START The data
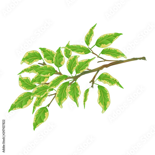 Tropical plant Ficus benjamina Variegated Ficus  branch on a white background vintage vector illustration  editable hand draw
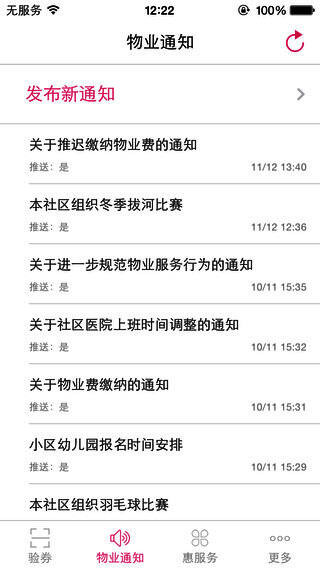 物业公司通过本软件可以快速的推送通知公告信息到业主手机上;
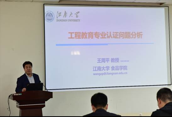 刘元法院长做认证动员,中国工程教育专业认证协会专家王周平教授做专题培训,食品质量与安全专业的全体任课教师、指导老师及工程认证材料工作组成员参加了本次会议,会议由爱一帆
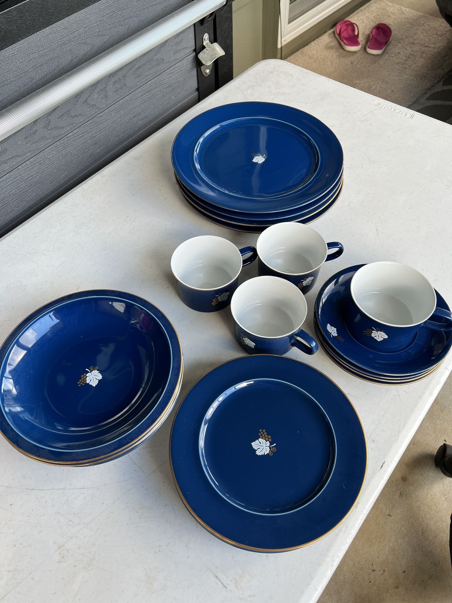 Produced in Japan from 1(contact info removed) this deep rich blue is set off by a single white leaf and gold trim These are in pretty good condition. Some light scratches on some of them but most are in really nice condition. No chips that we could see. Missing one salad plate but there are 4 dinner plates, 4 soup bowls, 3 salad plates, 4 cups with saucers. Cash or Venmo only.
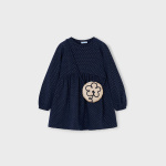 W zestawie znajduje się sukienka z długim raglanowym rękawem i subtelnym dekoltem w łódkę. Wykonana z grubej, ciepłej dzianiny, doskonale sprawdzi się w chłodniejsze dni. Starannie zaprojektowana, by zapewnić wygodę noszenia i ochronę przed zimnem. Delikatne marszczenia dodają sylwetce lekkości i dziewczęcego charakteru.
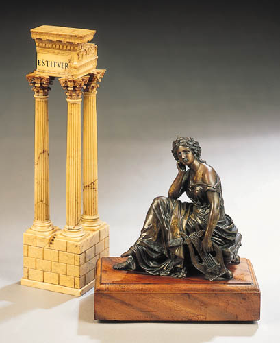 with a laurel headress and holding a lyre, on a mahogany plinth base
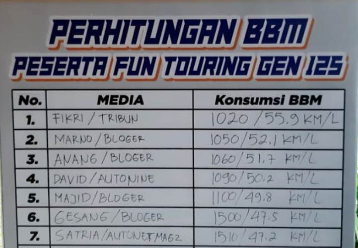 Autonine puas di urutan ke 4, dengan akumulasi pemakaian bahan bakar 1090 cc. Dengan konversi rata-rata setiap 1 Liter-nya mampu menembus 50,2 KM. Dan di urutan pertama 1020 cc, dengan konversi rata-rata 1 liter di 55,9 KM.
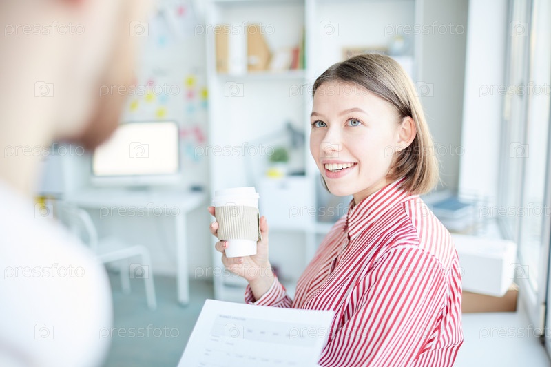 Красивая женщина разговаривает с коллегой
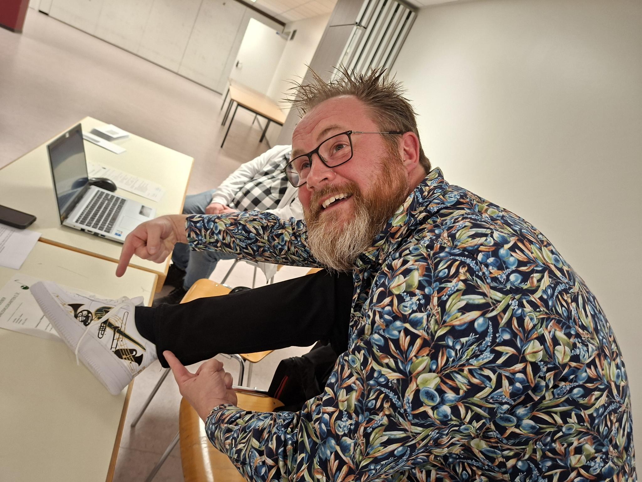 Ein besonderes Highlight war das „Dankeschön“-Präsent, das die aktiven Mitglieder „ihrem“ Karsten überreichten: Handbemalte und musikalisch gestaltete Sneaker für den bunte Schuhe liebenden nun Ex-Vorsitzenden des Vereins. Dieses wirklich wunderbare Geschenk überraschte Karsten sehr und man konnte förmlich sehen, wie er um die passenden Dankesworte für diese unerwartete, aber immens eindrucksvolle Geste, rang.
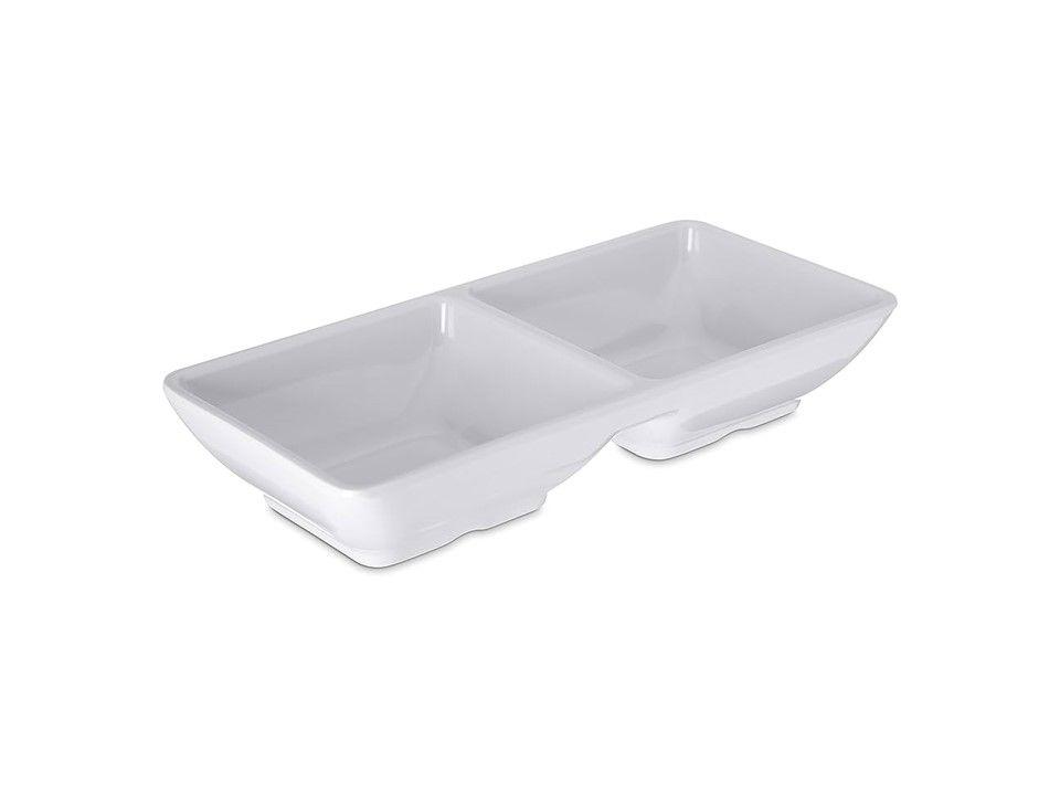 El Salsero Cuadrado Doble de Melamina de 2 oz es un práctico recipiente diseñado para servir salsas y condimentos.
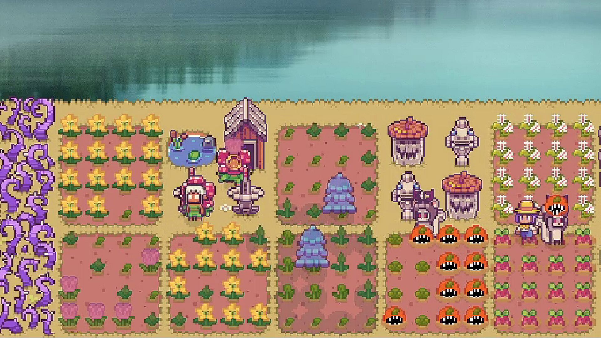 Harvesting horrifying crops and slaughtering creatures is rough on Petunia's fragile mind. Plant flowers and decorate your farm to keep her from going insane.
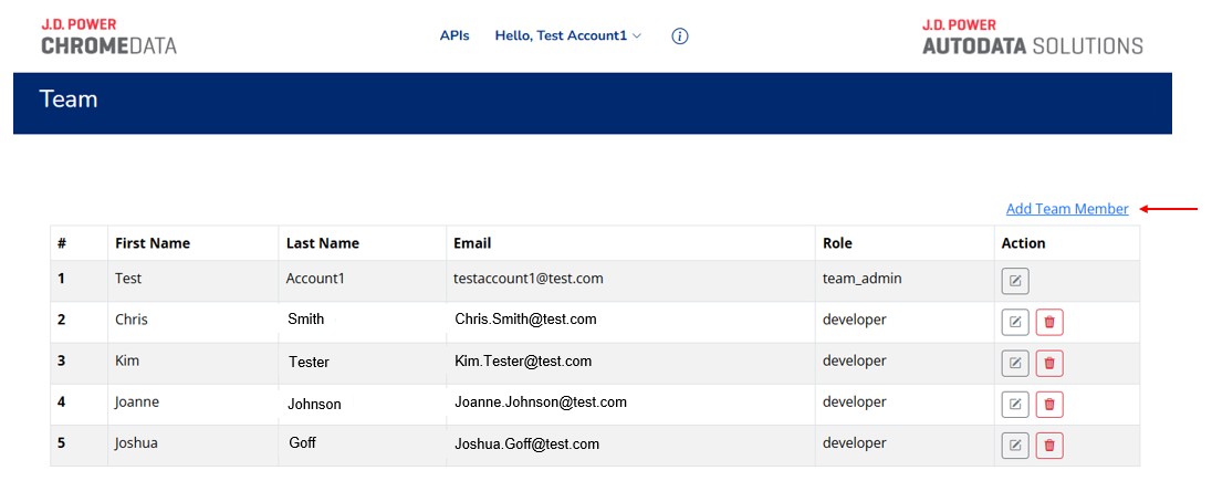 - If you wish to edit or delete a team member, there are icons to perform either task.
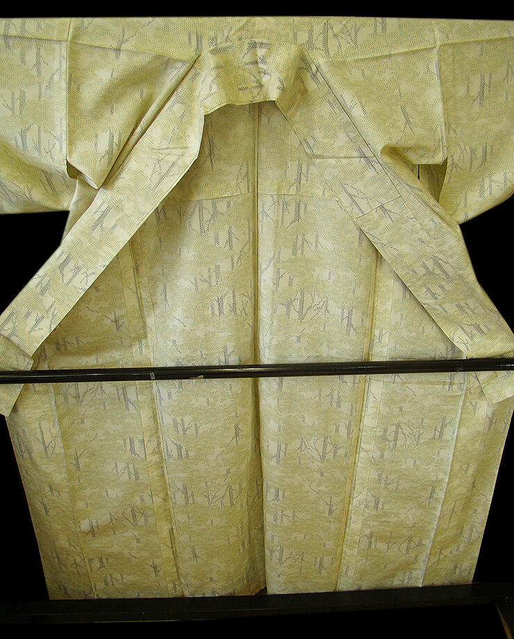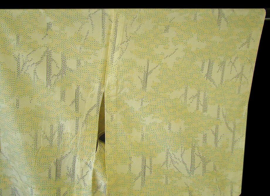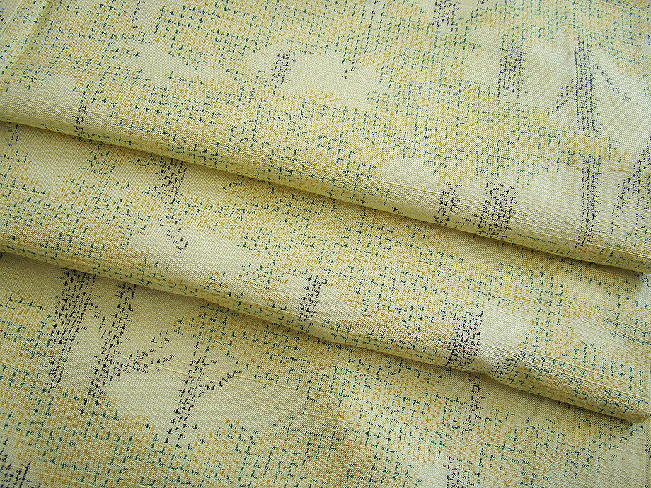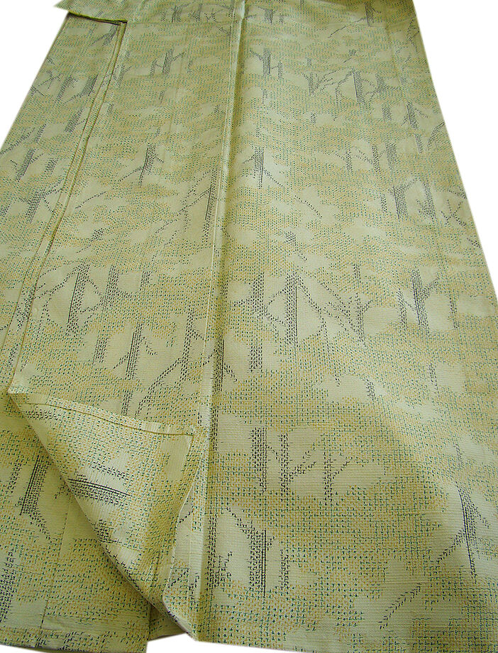 | 商品説明 | こちらのお品は「単衣」ですので5月、6月、9月にお召頂ければと思います。 着物には、大きく分けて「袷(あわせ)の着物」と「単衣(ひとえ)の着物」と「夏着物」があります。 反物(表地)を着物に仕立てるときに、裏地類をつけるものを袷の着物、 つけないものを単衣の着物と呼び、胴裏や八掛といった裏地がつかない一枚ものの着物です。 また裏地がないため、座る時などにヒップのラインが目立たないよう、 居敷当て(いしきあて)の生地をつけることもあります。 居敷当ては付いておりません。 しなやかでさらりとして手触り良く着心地良い涼やかな風合いの十日町紬地、 薄いクリーム色地に山吹、緑、黒色等の織柄が洒落感高い着物姿を演出しております。 |
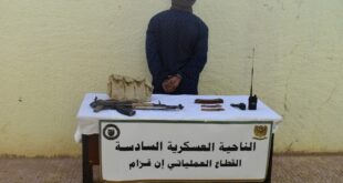 سّلم، يوم أمس 25 أفريل 2022، إرهابي (01) كان ينشط ضمن الجماعات الإرهابية بمنطقة الساحل، نفسه للسلطات العسكرية بإن ﭬزام بالناحية العسكرية السادسة، ويتعلق الأمر بالمسمى “بيرحمان إبراهيم” المدعو “الوندري إبراهيم” الذي التحق بالجماعات الإرهابية سنة 2014، الإرهابي كان بحوزته مسدس (01) رشاش من نوع كلاشنيكوف، مخزني (02) ذخيرة، جهاز (01) اتصال لاسلكي بالإضافة إلى كمية من الذخيرة. تأتي هذه …
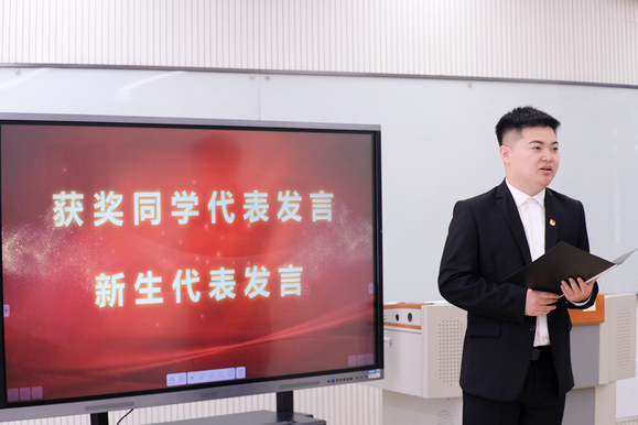 随后,金涛同学作为获奖代表分享参与各项赛事的心得。他表示,扎实的法律基础、严谨的思维习惯和持续的自我要求,是成长为合格法律人的关键。
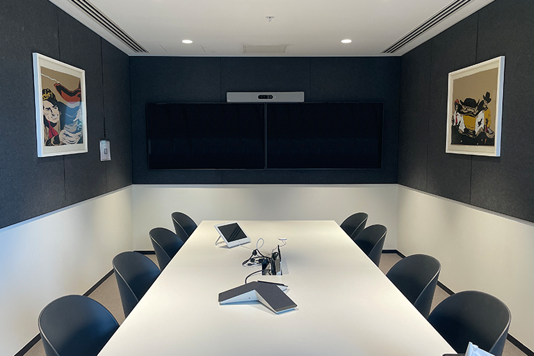 Publicis also required 3 x 10-person video conferencing specific meeting rooms and a 16p Boardroom with a similar setup. Concept AV integrated Cisco Webex conferencing equipment into these spaces including the soundbar, camera, Touch 10 touch panel, and built-in Codec. To enhance pickup of present personnel, additional Cisco telepresence table extension mics were included.
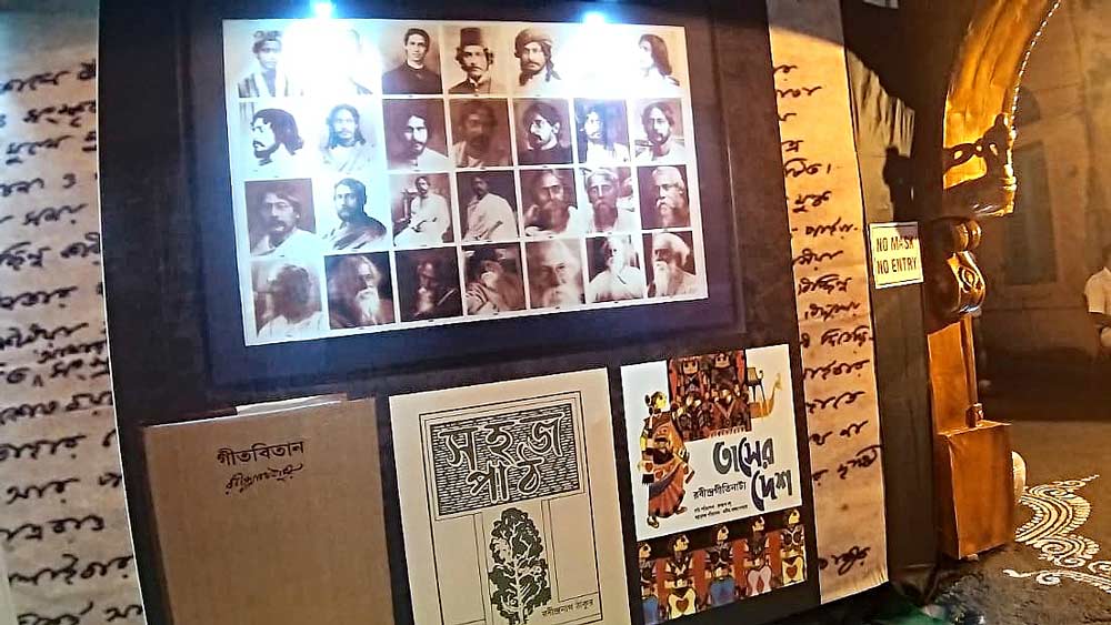 সারপেন্টাইন লেনে প্রবেশের মুখে গেট বসানো হয়েছে জোড়াসাঁকো ঠাকুরবাড়ির গেটের আদলে। পাড়ার দু’দিকের দেওয়াল জুড়ে লাগানো হয়েছে নানা গদ্য, কবিতার ফ্লেক্স। কিছু বাড়ির রকে বাদ্যযন্ত্র, পড়ার টেবিল-চেয়ার পেতে ফুটিয়ে তোলা হয়েছে বৈঠকখানার দৃশ্য। একটি রকে রাখা রবীন্দ্রনাথের হাতে আঁকা ছবির ক্যানভাস। উদ্যোক্তারা জানাচ্ছেন, রবীন্দ্রনাথের তরুণ বয়সের বেশ কিছু ছবি লাগানোর পাশাপাশি লিখতে লিখতে রবীন্দ্রনাথের ছবি আঁকার প্রবণতার দিকটিও তুলে ধরা হয়েছে।
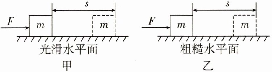 9. 小红同学先后用同样大小的力 F 使同一木箱分别在如图所示的甲、乙两个表面上沿力的方向移动相同的距离 s,该力 F 在这两个过程中所做的功 $W_{甲}$______(选填“>”“=”或“<”)$W_{乙}$。
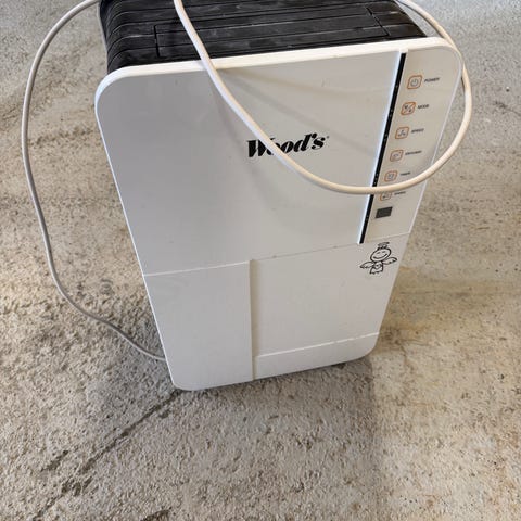 Woods avfukter som kan brukes for rom på opptil 40 m². Den er stillegående, har en 2-liters tank med auto-av når den er full, og inkluderer et finpartikkelfilter som fanger opp urenheter i luften.
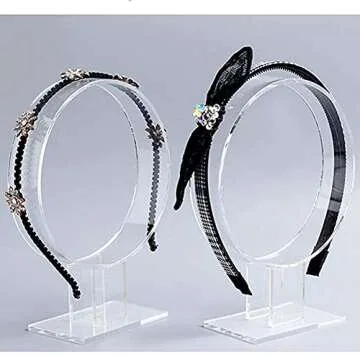 esowemsn 2pcs Clear Acrylic Headband Display Stand Headwear Holder Hairband Organizer Single Hair Hoop Holder Fixing Tools Accessories
END The data
**Brief**
Your task is to retype exactly the lines that run from the line with "9. 小红同学先后用同样大小的力 F" through the last line of the material, with the pictures left out.

**Reply**
 9. 小红同学先后用同样大小的力 F 使同一木箱分别在如图所示的甲、乙两个表面上沿力的方向移动相同的距离 s,该力 F 在这两个过程中所做的功 $W_{甲}$______(选填“>”“=”或“<”)$W_{乙}$。
 Woods avfukter som kan brukes for rom på opptil 40 m². Den er stillegående, har en 2-liters tank med auto-av når den er full, og inkluderer et finpartikkelfilter som fanger opp urenheter i luften.
 esowemsn 2pcs Clear Acrylic Headband Display Stand Headwear Holder Hairband Organizer Single Hair Hoop Holder Fixing Tools Accessories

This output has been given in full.